Ottawa unveils Canada Media Fund

TORONTO -- The Canadian government is backing away from investment in primetime TV and directing more taxpayers dollars into content for the Internet, video games, mobile phones and other new platforms or devices.

As Ottawa unveiled its new Canada Media Fund with about CAN$360 million ($349.5 million) in projected industry and public subsidies for 2010-11, experimental and "convergent" programming emerged as new priorities for indie producers and broadcasters looking to tap the taxpayer's shoulder for production subsidies.

"The (Canada Media) Fund will provide direct support for industry, spur job creation, and most importantly, provide Canadians with the content they want to watch on the platform on which they want to watch it," Heritage minister James Moore said at a news conference in Toronto.

The CMF's new digital orientation has implications for U.S. producers as they tap Canadian taxpayer subsidies and tax breaks while partnering with Canuck producers and broadcasters on international TV series and miniseries.

The CMF, which also receives financing from cable operators, will now back mostly broadcaster-triggered programming that reaches Canadian and international consumers across multiple platforms, not just TV.

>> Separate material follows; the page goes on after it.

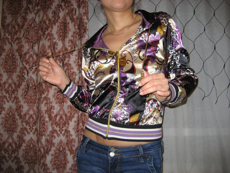 Атласная кофточка на замке, «собачки» украшены стразами, резинка с люрексом, смотрится просто шикарно, сделано в Турции, не пришлось поносить, этикеток нет, размер 40-44, цена 1000 руб.

Domestic broadcasters will also be compelled to spend half of their CMF allocations on the interactive digital component of a TV show.

Structurally, the CMF will direct subsidies to content creators via an experimental stream for non-linear, interactive digital content, and a second convergent stream to support combined TV and digital media content, with a focus on drama, documentary and kids programming.

Producers tapping the experimental stream will need to show their digital software reflects "a connection to the Canadian cultural sector," a vague rule likely to hamper content creators eyeing the world market for product sales.

The launch of the CMF on April 1 follows Ottawa combining the former Canadian Television Fund, the largest source of subsidies for indie producers making primetime TV shows, and the Canada New Media Fund.